Would you print the lines below exactly, beginning at the line that has "This stylish 3-bedroom" and stopping after the line that has "- 洋室6帖、和室6帖、LDK11.5帖"? Only those lines, and no pictures.

Dataset excerpts:

>>>

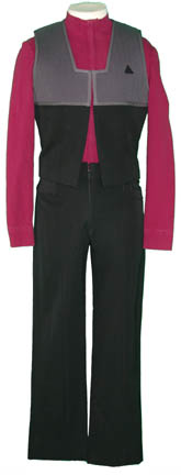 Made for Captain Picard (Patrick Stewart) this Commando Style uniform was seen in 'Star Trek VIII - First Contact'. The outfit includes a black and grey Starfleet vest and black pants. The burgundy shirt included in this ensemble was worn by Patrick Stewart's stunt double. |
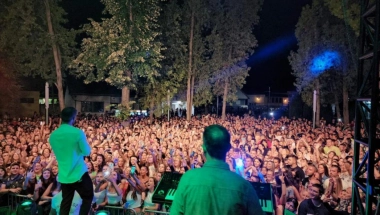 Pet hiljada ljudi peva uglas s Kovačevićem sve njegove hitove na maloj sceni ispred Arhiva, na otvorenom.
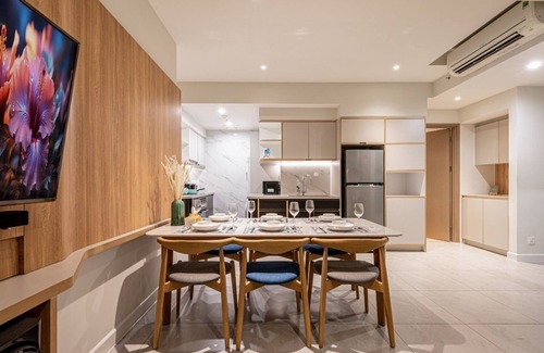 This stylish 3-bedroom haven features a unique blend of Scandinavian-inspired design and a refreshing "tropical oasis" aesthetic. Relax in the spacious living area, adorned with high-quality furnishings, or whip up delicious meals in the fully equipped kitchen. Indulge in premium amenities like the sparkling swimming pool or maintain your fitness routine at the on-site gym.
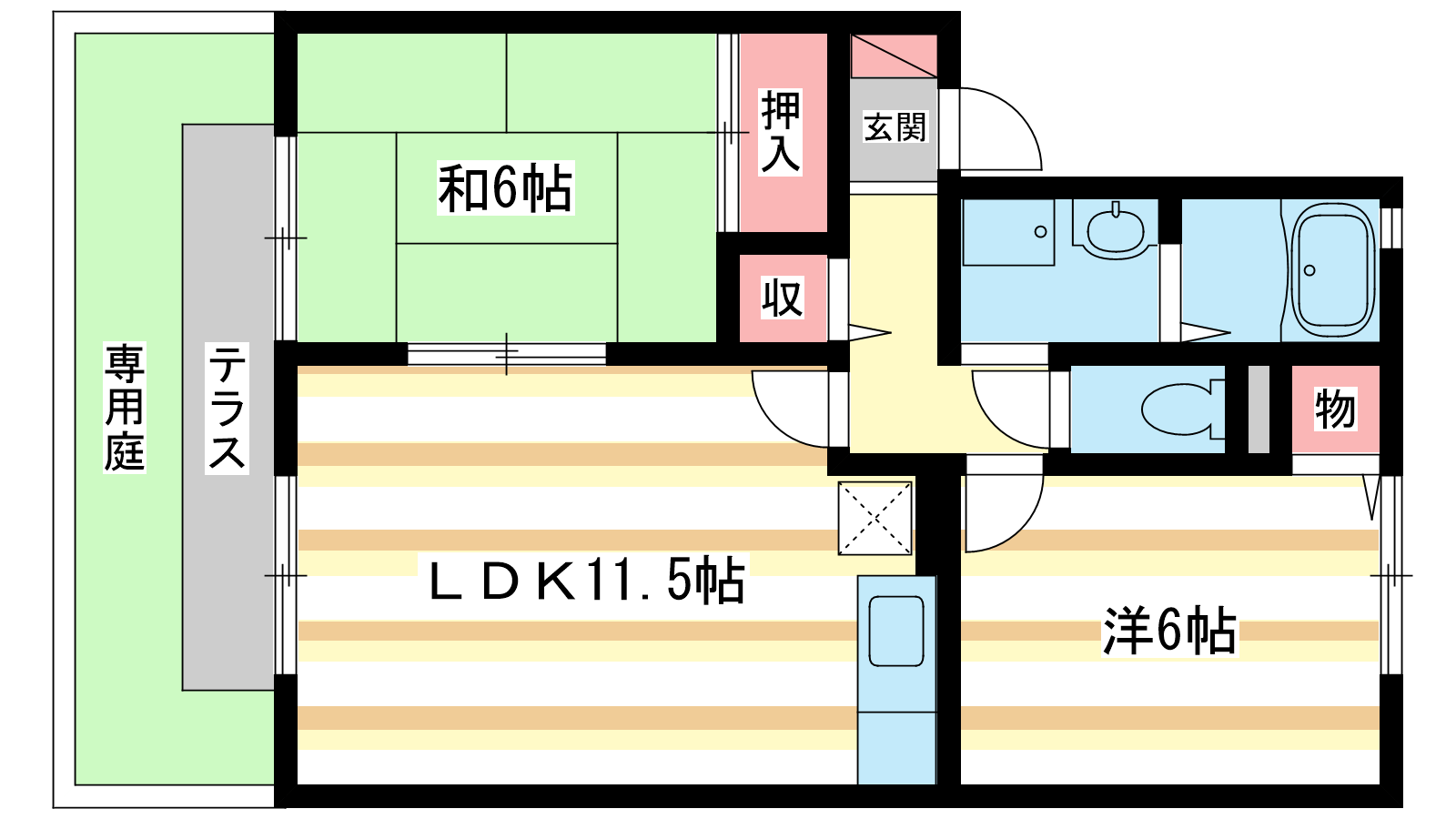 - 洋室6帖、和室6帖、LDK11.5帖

<<<
>>>

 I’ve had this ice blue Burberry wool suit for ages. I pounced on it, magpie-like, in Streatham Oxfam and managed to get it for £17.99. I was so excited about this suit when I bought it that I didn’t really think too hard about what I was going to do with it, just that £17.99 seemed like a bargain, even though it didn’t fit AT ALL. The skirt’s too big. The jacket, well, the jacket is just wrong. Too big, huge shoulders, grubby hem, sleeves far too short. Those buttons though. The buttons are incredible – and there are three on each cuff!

<<<

Problem solution:
 This stylish 3-bedroom haven features a unique blend of Scandinavian-inspired design and a refreshing "tropical oasis" aesthetic. Relax in the spacious living area, adorned with high-quality furnishings, or whip up delicious meals in the fully equipped kitchen. Indulge in premium amenities like the sparkling swimming pool or maintain your fitness routine at the on-site gym.
 - 洋室6帖、和室6帖、LDK11.5帖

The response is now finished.